Mechanics of Fibrous Materials
Many biological materials are made of microscopic fibers that have small thickness compared to length. The mechanical behavior of fibrous materials is complicated, because it results from the collective action of the fibers, each of which can bend, stretch, and buckle in response to applied forces. We quantify the mechanics of fibrous materials at length scales ranging from the microscale of a fiber to the macroscale of the bulk material. Applications of this work are in understanding how cells sense and respond to their environment and in developing new materials having desirable properties such as low weight and resistance to fracture.

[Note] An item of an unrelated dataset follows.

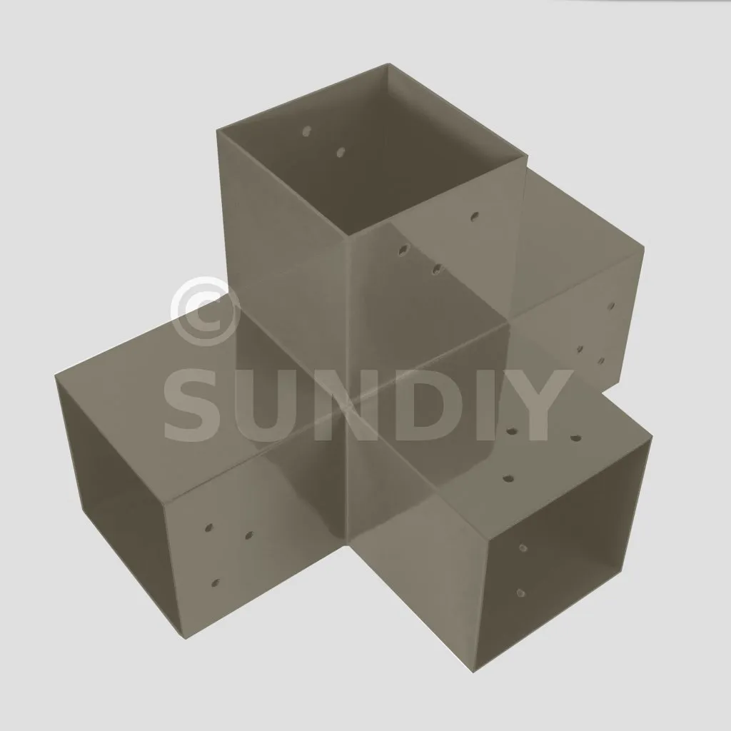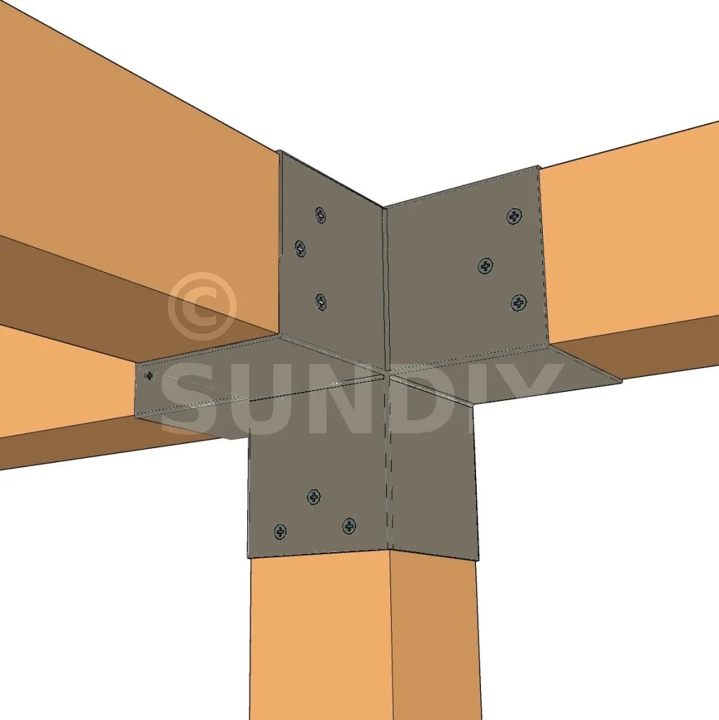Il permet de raccorder une poutre de 90x90mm perpendiculairement à un chevron de 90x90mm, le tout étant supporté par un poteau vertical de 90x90mm.

Imaging Fiber Alignment and Buckling During Loading
The mechanics of fibrous materials result from deformations of each fiber, but it is challenging to quantify the mechanics while simultaneously imaging the fibers. We have developed experimental methods to apply localized deformations to fibrous materials while simultaneously imaging the fibers to observe fiber alignment and buckling. Our method has provided important insights into the sources of nonlinearity and heterogeneity within fibrous materials.
Force Chains in Fibrous Materials
It is thought that tissue formation and progression of disease requires cells to reliably transmit forces over space, but the random structure of the fibrous materials in which the cells reside makes force transmission difficult to predict. We have studied how force transmission depends on the network structure and established that localized paths of force transmission, called force chains, are an important factor in nonlinear strain stiffening.
Strain Localization
For over a century, biologists have been interested in highly localized deformations in fibrous materials wherein the fibers align and become locally denser. These deformations result from forces produced by cells to the surrounding fibers and are thought to be important in tissue formation and cell migration. Using experiments that observe the fiber densification and quantify the local strain fields, we have shown that buckling of fibers is an important factor causing fiber densification and alignment.
Physics of Collective Cell Migration
We are studying the physics of collective migration, focusing on the relationship between cell forces and motion. In particular, we are interested in what factors lead to production of cell forces in space and time and how cell forces are transmitted to the cell’s neighbors and the surrounding environment. We experimentally measure both forces and motion, and we frequently compare our experiments to predictions from physics-based models.
Force and Motion in Model Systems for Wound Healing
During wound healing, cells must migrate collectively to cover the wound area. We mimic this collective cell migration process in the lab using experiments like the one in the movie below, showing expansion of a cell collective along with the cell-substrate and cell-cell forces.
Multicellular Coordination of Motion
Shown in the movie is a sheet of cells moving collectively. The arrows indicate the cell velocities, and the colors indicate the direction. Clusters of cells can be seen with arrows of the same color, indicating groups of cells that move together within the larger collective. We are interested in how cells communicate with their neighbors to produce these collective groups and how the size of the collective groups affects wound healing and essential processes in tissue development.
Cell Alignment and Topological Defects
Some epithelial cell types are elongated rather than circular. To cover all available space, the cells must align with their neighbors. Flaws in the alignment are called topological defects. It is not yet clear how alignment and defects affect the stress state within the cell layer. We are experimentally measuring the stresses along with the cell motion, which gives valuable data for comparison to physics-based models that predict how the alignment and defects affect cell migration.